The dataset was randomly shuffled and divided into three parts: 70% for training (6288 sentences), 15% for validation (1347 sentences), and 15% for testing (1347 sentences).

3.1.2. Experimental Evaluation Criteria

To evaluate and compare the NER performance of different models, this paper adopts precision, recall, and F1 score as the evaluation metrics. By using a small amount of corpus as the training set, the models’ ability to extract entities from the ESP well with limited samples is assessed. The formulas for calculating precision, recall, and F1 score are given in Equations (11)–(13).

P = \frac{N_{t}}{N_{r}}

(11)

R = \frac{N_{t}}{N_{a l l}}

(12)

F 1 = 2 \frac{P R}{P + R}

(13)

Here,

N_{t}

represents the number of correctly identified entities,

N_{r}

represents the number of entities identified by the model that are not actually entities, and

N_{a l l}

represents the total number of entities in the text.

3.1.3. Model Parameters

The parameter settings for the char-CNN-FLAT-CRF model are shown in Table 3.

3.2. Results and Analysis

3.2.1. Ablation Study

To evaluate the contribution of the CRF component in the char-CNN-FLAT-CRF model, an ablation study was conducted.
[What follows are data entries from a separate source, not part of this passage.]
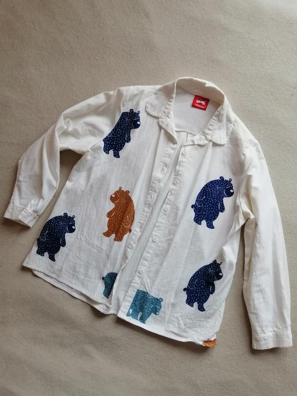 Качественная, плотная рубашка оуверсайз с мишами. Длина по спинке 62см Пог 50 см
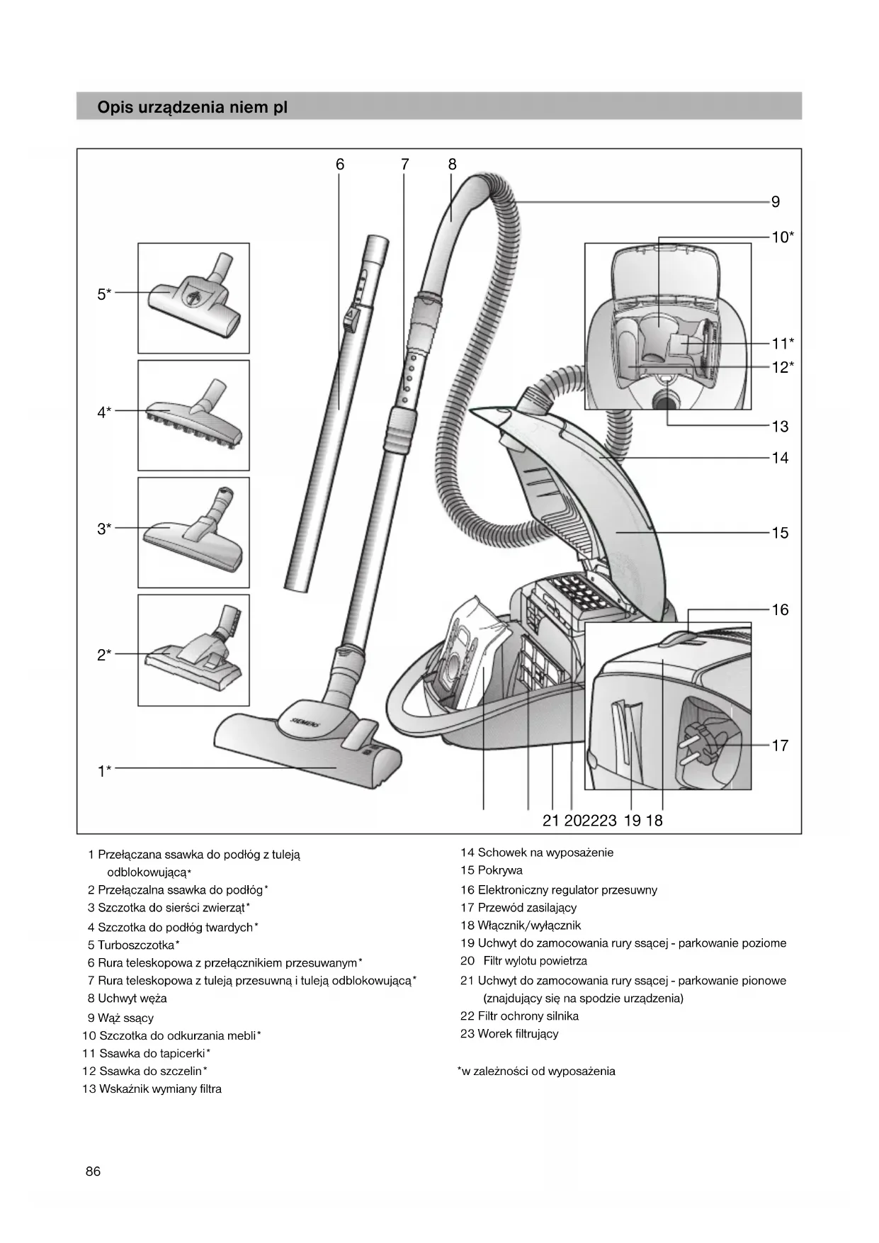 2 Przełączalna ssawka do podłóg* 3 Szczotka do sierści zwierząt* 4 Szczotka do podłóg twardych* 5 Turboszczotka* 6 Rura teleskopowa z przełącznikiem przesuwanym* 7 Rura teleskopowa z tuleją przesuwną i tuleją odblokowującą* 8 Uchwyt węża 9 Wąż ssący 10 Szczotka do odkurzania mebli* 11 Ssawka do tapicerki* 12 Ssawka do szczelin* 13 Wskaźnik wymiany filtra 14 Schowek na wyposażenie 15 Pokrywa 16 Elektroniczny regulator przesuwny 17 Przewód zasilający 18 Włącznik/wyłącznik 19 Uchwyt do zamocowania rury ssącej - parkowanie poziome
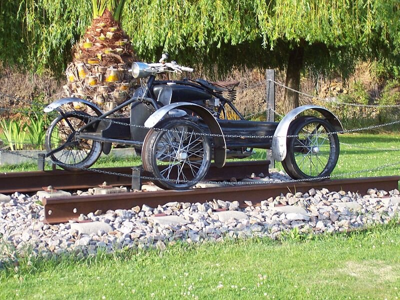Motorrad-Draisine für Breitspur am 12.05.2006 als Denkmal im Bahnhof Regua.
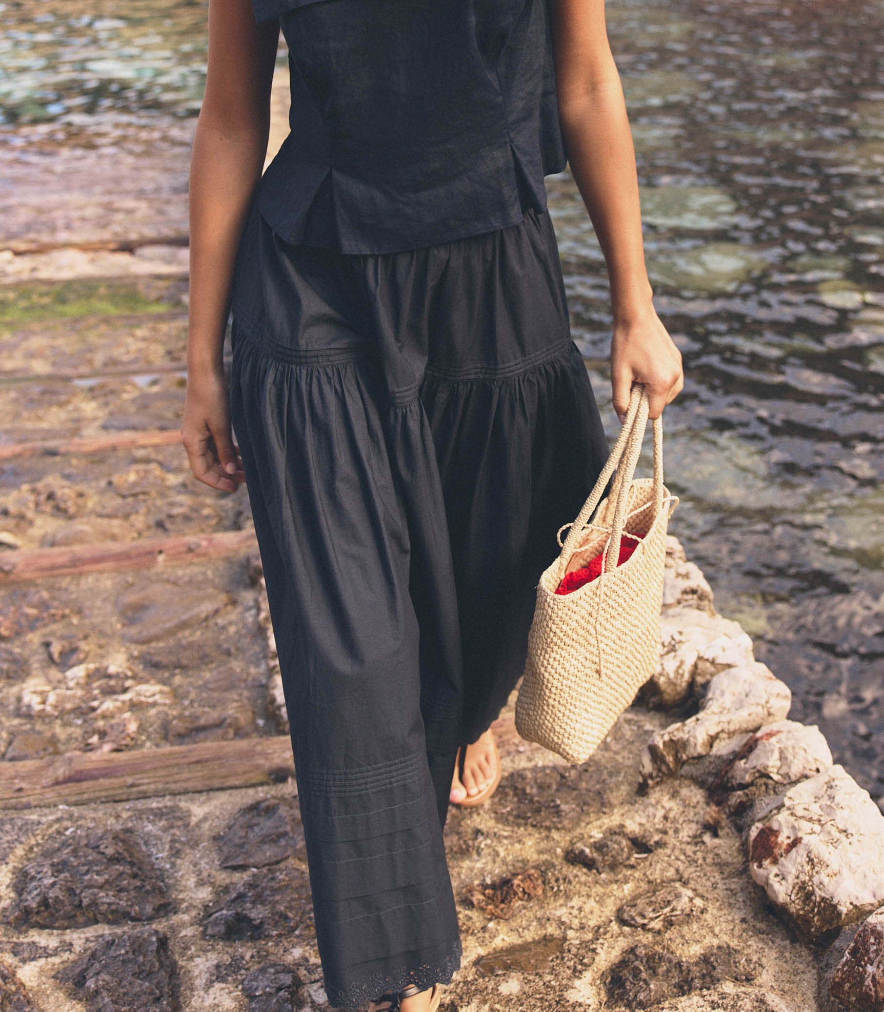 Handwoven by artisans in Madagascar from raffia, the ‘60s-inspired Bateau Bag is a bell-shaped handbag that’s easily dressed up or down. It features raffia-wrapped handles and a woven tie detail to close.
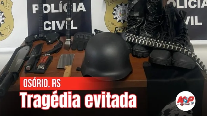 A Polícia Civil de Osório frustrou um ataque planejado a uma instituição de ensino após uma operação realizada na madrugada de quinta (27/11/25). A ação resultou na apreensão de armas brancas, objetos táticos e outros materiais que seriam utilizados na ação violenta.
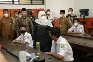 Foto: Gubernur Khofifah didampingi Kadindik Jatim Wahid Wahyudi ketika meninjau
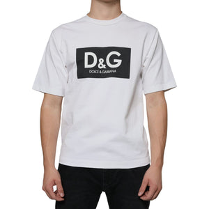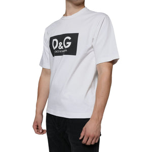 Dolce & Gabbana White Cotton DG Logo Print Casual T-shirt
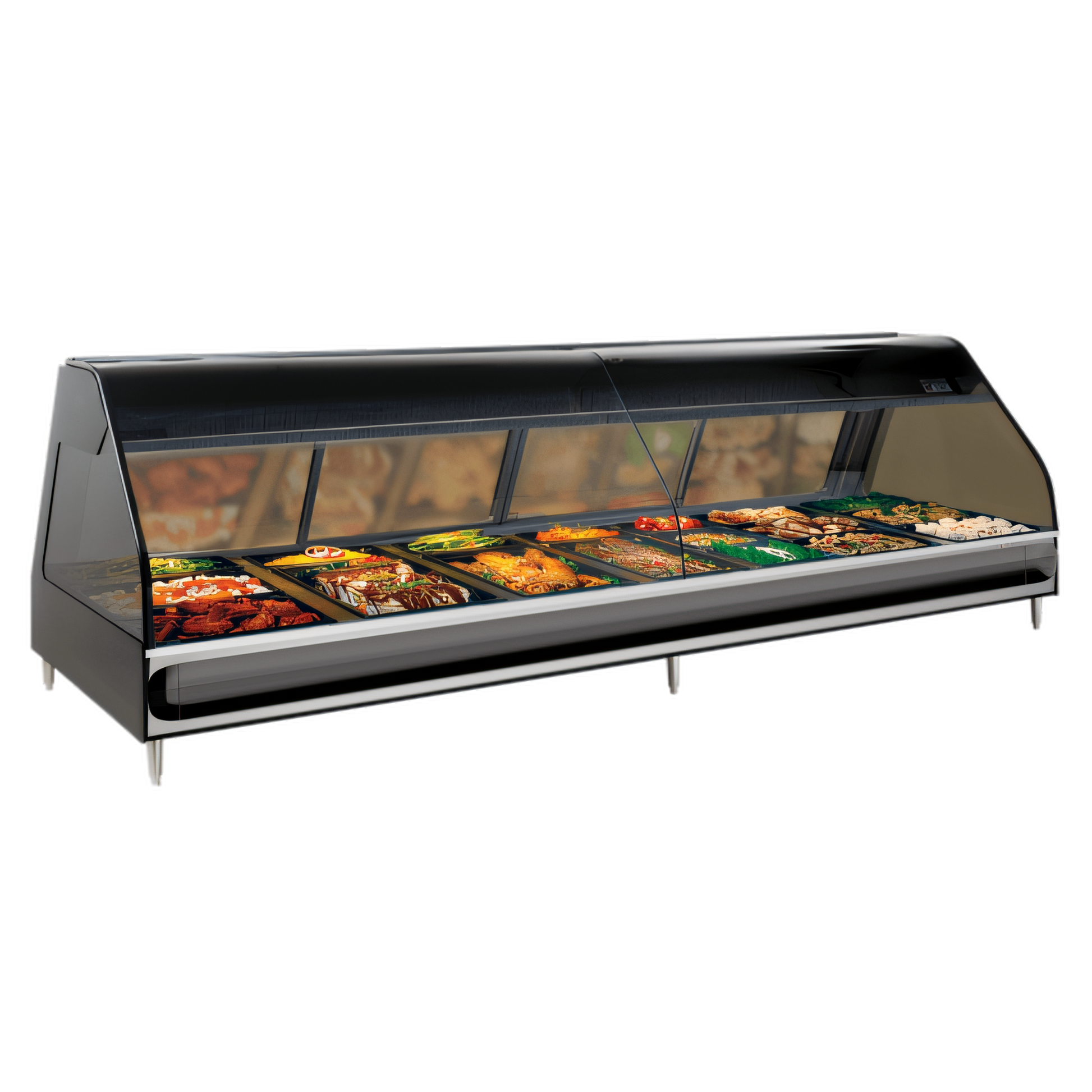 Showcase, merchandise and hold a full buffet line of hot entrées in one sleek 96-inch footprint. Alto-Shaam’s fan-free Halo Heat® technology gently surrounds food with even radiant warmth, keeping menu items fresh and flavorful for hours while brilliant LED lighting and a mirrored back boost visual appeal and impulse sales.
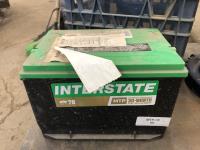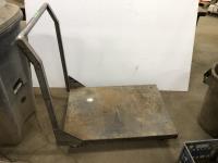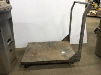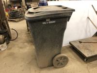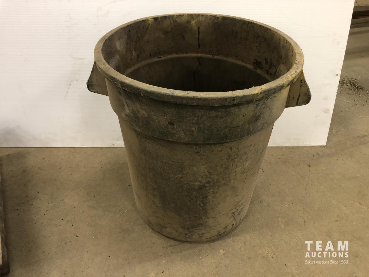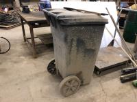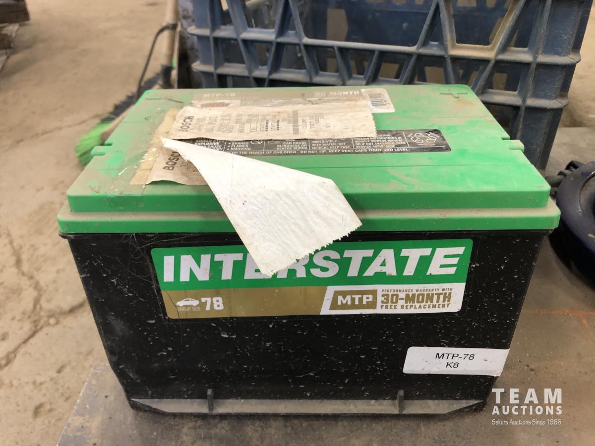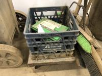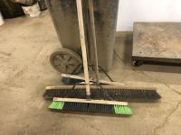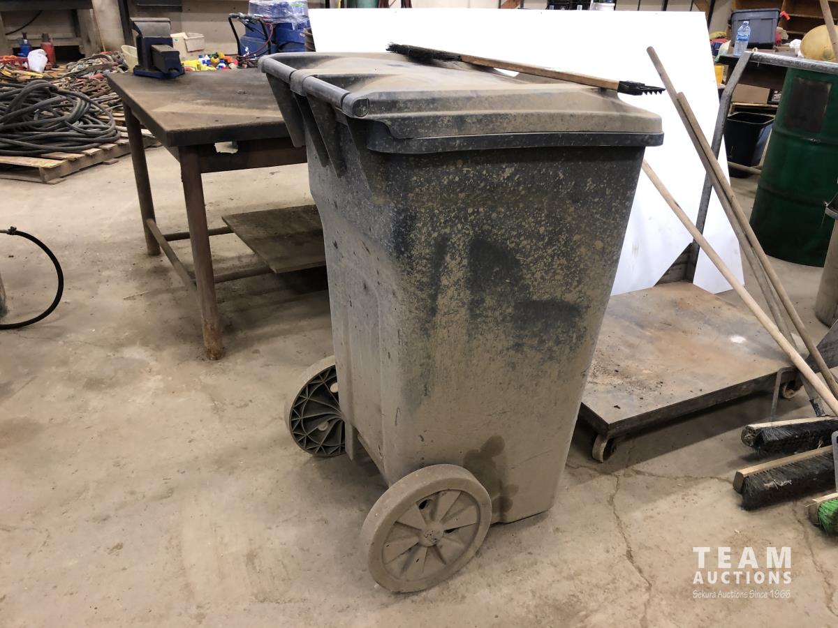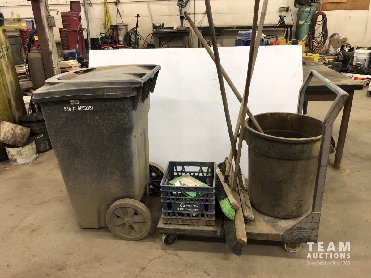 (2) Poly garbage cans, (3) brooms, steel shop trolly, Interstate 12V battery, milk crate

Specifically, the CRF layer was replaced with a fully connected layer in the char-CNN-FLAT part of the model. This modification allowed for a direct comparison to assess the label prediction and decoding capabilities of the CRF layer within the model. The results of the ablation study are presented in Table 4.

As shown in Table 4, in the named entity recognition task, the ability of the CRF layer in the char-CNN-FLAT-CRF model to learn transition probabilities and predict labels has a significant impact on the overall accuracy of the model. Optimizing the CRF model can effectively improve the model’s recognition capability.

3.2.2. Comparison Experiment

To evaluate the performance of the char-CNN-FLAT-CRF model in NER under low-resource conditions, this paper conducted comparative experiments. Figure 4 shows the accuracy and loss waveforms of the char-CNN-FLAT-CRF model and several mainstream NER models, including BERT-BiLSTM-CRF, BERT-FLAT, and BiLSTM-CRF, on the training and validation sets of a small-sample corpus of ESP. In the test set, three evaluation metrics were used: precision, recall, and F1 score. The experimental results are presented in Table 5.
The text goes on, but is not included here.